Subject as published: CGMP/Hazard Analysis/Risk-Based Preventive Controls for Food/Adulterated
TL;DR
The short version: FDA issued a Warning Letter to Dough-To-Go, Inc. on 2026-05-12 citing: CGMP/Hazard Analysis/Risk-Based Preventive Controls for Food/Adulterated. Full letter: https://www.fda.gov/inspections-compliance-enforcement-and-criminal-investigations/warning-letters/dough-go-inc-727845-05122026
Argus analysis
Dough-To-Go, Inc. (MARCS-CMS 727845) received an FDA Warning Letter dated May 12, 2026 from the Human Foods Program. The letter cites: CGMP/Hazard Analysis/Risk-Based Preventive Controls for Food/Adulterated. FDA posts Warning Letters to fda.gov after an internal review period; this one was made public on June 2, 2026.
CGMP citations typically reference 21 CFR Part 211 (finished pharmaceuticals) or Part 111 (dietary supplements), covering subjects such as identity testing of incoming components, validated cleaning procedures, batch-failure investigations, and stability program design. Repeat or systemic findings are what typically drive FDA toward import alert or consent decree escalation.

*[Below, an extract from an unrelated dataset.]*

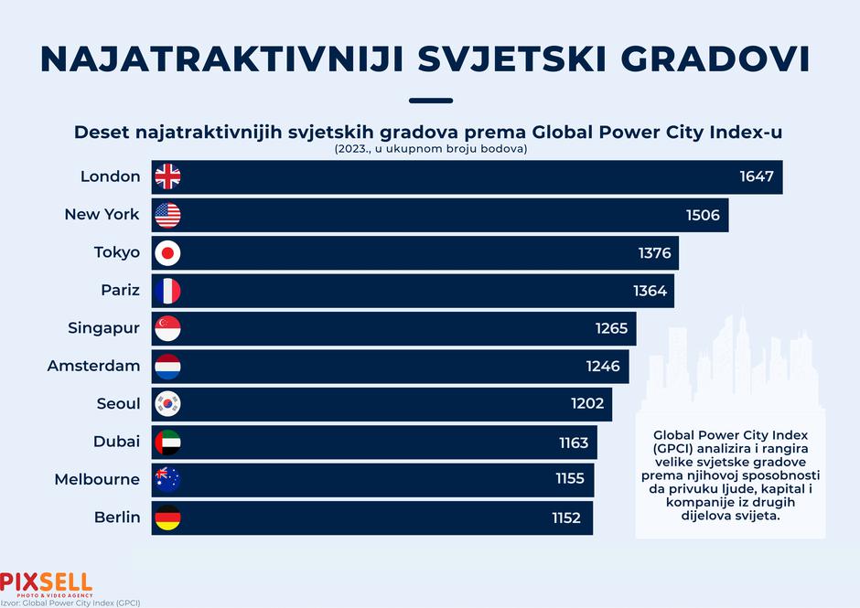 Listu deset najatraktivnijih gradova, prema Global Power City Indexu, predvode London i New York. GPCI, naime, analizira i rangira svjetske gradove prema njihovoj sposobnosti da privuku ljude, kapital i kompanije iz drugih dijelova svijeta.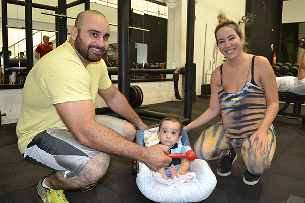 Manter a forma sempre foi algo determinante para o casal Priscila e Rosberg Carvalho. Casados há ano, eles chamam a atenção de todos na academia que frequentam pelo fato de levarem o filho desde os três meses de idade, sempre bem acomodado e seguro em um ‘bebê conforto’. Eles se revezam nos exercícios para não perderem de vista o garoto, já acostumado com a rotina atlética dos pais, pelo menos duas vezes na semana.

FDA Warning Letters typically specify a 15-working-day response window for the recipient to detail corrective actions. Compliance teams at peer companies in the same CGMP (Current Good Manufacturing Practice) category commonly use a newly published letter as a prompt to re-check their own procedures against the same citation, and to watch fda.gov for a close-out letter confirming the cited firm's corrective action was accepted — or, absent one, for escalation to import alert, injunction, or product seizure.
Severity context
Critical severity. Typically reserved for data integrity, sterile-product CGMP, or repeat violations — matters that historically precede injunctions, consent decrees, or import alerts.
Regulatory background
CGMP citations typically reference 21 CFR Part 211 (drugs) or 21 CFR Part 600 (biologics). Common subjects include identity testing of incoming components (211.84), validated cleaning procedures (211.67), and stability program design (211.166).
What peer compliance teams typically do next
Most compliance officers at peer companies use a Warning Letter against a named entity as a checklist for their own CAPA program. Common steps: pull the verbatim FDA letter; map each cited 21 CFR section against the team’s SOP library; confirm CAPA coverage; brief the QMR (Quality Management Review) on whether the cited subject matter is in scope for the next internal audit. The 15-business-day response window applies to the cited entity, not to peers — but a documented internal review against the cited subjects is what regulators expect to see if a peer is later inspected on the same topic.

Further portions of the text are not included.